When to seek medical input
By following these tips, you can improve your chances of getting a good night’s sleep and help treat insomnia. However, it is important to note that the effectiveness of these strategies may vary from person to person.
If you are still struggling despite following a good sleep hygiene routine, then it would be best to consult with a healthcare professional to determine the best approach for treating insomnia based on your specific circumstances and underlying causes.
There may be a need to address underlying medical conditions such as sleep apnea or restless legs syndrome. Sometimes a short course of prescription sleep medications may be required.
Alternatively, you may be advised to try Cognitive Behavioral Therapy for Insomnia. This is a type of psychotherapy that helps you identify and change negative thoughts and behaviours that contribute to your insomnia. It is considered the gold standard treatment for chronic insomnia.
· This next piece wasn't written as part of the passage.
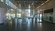 Lors de son inauguration le , cette station était équipée d'un quai à neuf portes qui ne lui permettait que de recevoir des rames à deux voitures.

Quality sleep is essential
Quality sleep is essential for your physical, cognitive, and emotional performance. Lack of sleep can have significant negative effects on your health and well-being, and can even impact your safety, as being sleep-deprived puts you at higher risk of accidents and errors.
Insomnia is a common sleep disorder that can have complex and multifactorial causes, but there are a variety of strategies that can be employed to help treat it. By following a good sleep hygiene routine and seeking appropriate medical treatment when necessary, you can improve their sleep and overall health. It is important to prioritize and value quality sleep, and to seek help if you are struggling with insomnia.